COLLABS (THAT ACTUALLY WORKED)
Every year we’ve seen collaborations come in thick and fast, as brands strive to get more innovative to capture their audience’s attention. While some of these fell short and read as random (ahem, Supreme x Tiffany), others actually worked in their unusuality. An example of was Palace’s link up with Stella Artois, which not only birthed a collection, but also a whole pop-up pub in Soho, complete with co-branded tinnies.

Supreme ©

RETURN OF THE UGG
Heading up the end of the year, there’s one trend that’s becoming increasingly more popular and we couldn’t be happier: the UGG is back. While we doubt they will reach the heights they once did in, say 2013, the mini UGG has been doing the rounds on social media and has been spotted on some of the it girls of the age. Don’t call it a comeback.

UGG ©

SUBVERSIVE BASICS
Rounding out our best trends of the year is Subversive Basics. This movement, originally coined by trend forecaster Agus Panzoni on TikTok, which saw minimal wardrobe staples such as tank tops, suit trousers, and blazers updated with asymmetric cuts, slashes of exposed skin, considered layering and cut outs. Birthing a whole subgroup of micro-trends, we saw subversive basics everywhere this year, much to our delight.

CELINE ©

WORST

PETER PAN COLLARS
Peter Pan says “never say goodbye”, but when talking about the collars, we’d have to disagree. Respectfully. Another late entry, we wish the year could have passed without the reemergence of the oversized, dainty countrycore of the peter pan collar, which are now appearing as detachable pieces just in case you wanted the option to ruin multiple outfits by adding them on. Too harsh? Some things are best left in 2015. Or 2021.

Chanel ©

KANYE’S MASKS
Look, we know Kanye has had a rough year.
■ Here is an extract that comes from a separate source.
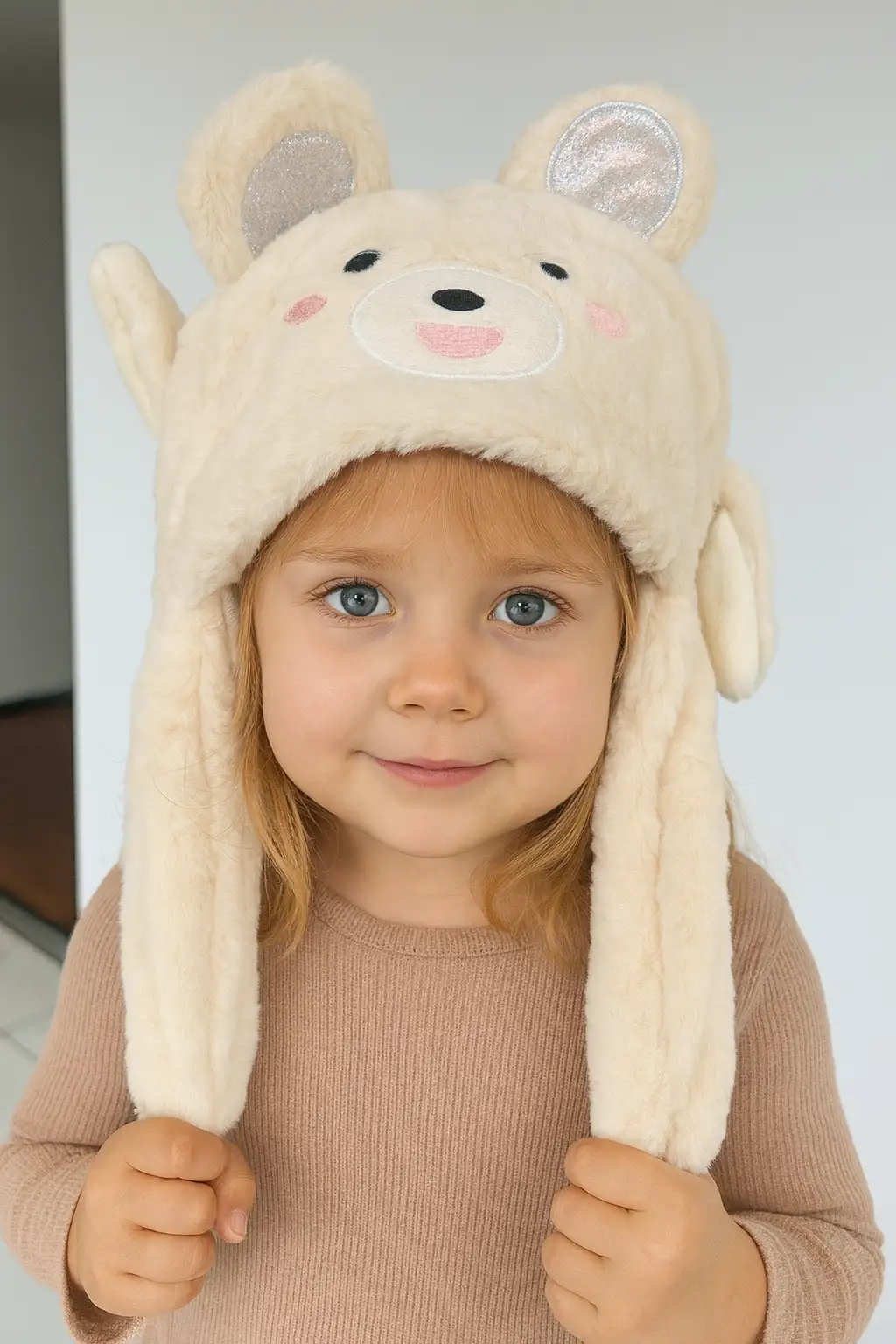 Krem Renk Ayıcık Figürlü Kulakları Oynayan Peluş Şapka

But that’s really no excuse for the latex masks that seem to be constituting his latest fashion obsession. One around Halloween was fine, but apparently the musician has really gotten attached to them, and they appear to be here to stay. If we hadn’t been jilted by the mandatory (and essential) mask-wearing of the last couple of years, maybe we’d feel differently. But unfortunately, we have, so unfortunately, we don’t.

Kanye West ©

LOGOMANIA
Looping back to collabs, and while we can appreciate a good logo, sometimes it all gets a bit too much. Although both Gucciaga and Fendace made our list of the most viral fashion moments of this year, their preoccupation with logos somewhat clouded what could’ve been a much more interesting crossover of the house’s signature design practices. Hypebeasts 1 – the rest of us 0.

Fendi © Versace ©

KIDCORE JEWELLERY
Rising the ranks of Lyst’s biggest trends of the year was Kidcore, seen in A$AP Rocky x ERL’s Met Gala thrifted quilt as well as the abundance of child-like accessories on and off the catwalk this year. A milder option on the ‘worst’ list, it was a hark back to the internet’s obsession with oversized resin rings in Spring that landed this trend on the list, most of which are no doubt abandoned in drawers by now.

Bella Hadid ©

RETURN OF THE LOW WAIST
Rounding things off on a controversial one, we actually enjoyed the ongoing Y2K revival this year, for the most part. Blumarine, Miu Miu and Acne Studios all delivered healthy doses of dynamic nostalgia, but one element, the low-waist, was less than desirable. After the pandemic, a low-waist revival this soon just felt a bit like a shock to the system – give us a few more months yet, please.